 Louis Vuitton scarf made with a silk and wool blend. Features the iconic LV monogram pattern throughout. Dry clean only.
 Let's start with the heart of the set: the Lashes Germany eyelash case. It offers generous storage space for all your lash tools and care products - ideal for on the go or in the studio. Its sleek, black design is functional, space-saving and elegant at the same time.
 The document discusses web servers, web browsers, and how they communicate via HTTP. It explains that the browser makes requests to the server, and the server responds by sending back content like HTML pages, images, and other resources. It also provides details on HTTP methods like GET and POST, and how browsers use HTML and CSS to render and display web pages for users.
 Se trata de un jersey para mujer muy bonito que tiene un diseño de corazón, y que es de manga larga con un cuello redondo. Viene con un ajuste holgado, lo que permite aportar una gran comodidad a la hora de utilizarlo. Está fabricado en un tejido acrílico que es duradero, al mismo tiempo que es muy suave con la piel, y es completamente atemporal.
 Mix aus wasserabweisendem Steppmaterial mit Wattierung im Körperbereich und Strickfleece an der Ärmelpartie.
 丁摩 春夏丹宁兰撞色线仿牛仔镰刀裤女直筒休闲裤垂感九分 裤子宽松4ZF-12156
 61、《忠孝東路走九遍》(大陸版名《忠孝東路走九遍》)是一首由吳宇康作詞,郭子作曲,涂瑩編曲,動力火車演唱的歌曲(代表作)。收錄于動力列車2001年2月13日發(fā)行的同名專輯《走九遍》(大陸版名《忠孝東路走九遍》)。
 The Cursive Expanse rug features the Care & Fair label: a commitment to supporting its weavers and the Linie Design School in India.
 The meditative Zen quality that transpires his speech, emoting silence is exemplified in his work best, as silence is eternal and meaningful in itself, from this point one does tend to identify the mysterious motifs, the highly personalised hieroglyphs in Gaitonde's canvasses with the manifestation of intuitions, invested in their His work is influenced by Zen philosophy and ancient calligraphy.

◇ ◇ ◇ ◇ ◇

What to do :: Show the data once more, exactly as it was written.

Answer area ::
 Louis Vuitton scarf made with a silk and wool blend. Features the iconic LV monogram pattern throughout. Dry clean only.
 Let's start with the heart of the set: the Lashes Germany eyelash case. It offers generous storage space for all your lash tools and care products - ideal for on the go or in the studio. Its sleek, black design is functional, space-saving and elegant at the same time.
 The document discusses web servers, web browsers, and how they communicate via HTTP. It explains that the browser makes requests to the server, and the server responds by sending back content like HTML pages, images, and other resources. It also provides details on HTTP methods like GET and POST, and how browsers use HTML and CSS to render and display web pages for users.
 Se trata de un jersey para mujer muy bonito que tiene un diseño de corazón, y que es de manga larga con un cuello redondo. Viene con un ajuste holgado, lo que permite aportar una gran comodidad a la hora de utilizarlo. Está fabricado en un tejido acrílico que es duradero, al mismo tiempo que es muy suave con la piel, y es completamente atemporal.
 Mix aus wasserabweisendem Steppmaterial mit Wattierung im Körperbereich und Strickfleece an der Ärmelpartie.
 丁摩 春夏丹宁兰撞色线仿牛仔镰刀裤女直筒休闲裤垂感九分 裤子宽松4ZF-12156
 61、《忠孝東路走九遍》(大陸版名《忠孝東路走九遍》)是一首由吳宇康作詞,郭子作曲,涂瑩編曲,動力火車演唱的歌曲(代表作)。收錄于動力列車2001年2月13日發(fā)行的同名專輯《走九遍》(大陸版名《忠孝東路走九遍》)。
 The Cursive Expanse rug features the Care & Fair label: a commitment to supporting its weavers and the Linie Design School in India.
 The meditative Zen quality that transpires his speech, emoting silence is exemplified in his work best, as silence is eternal and meaningful in itself, from this point one does tend to identify the mysterious motifs, the highly personalised hieroglyphs in Gaitonde's canvasses with the manifestation of intuitions, invested in their His work is influenced by Zen philosophy and ancient calligraphy.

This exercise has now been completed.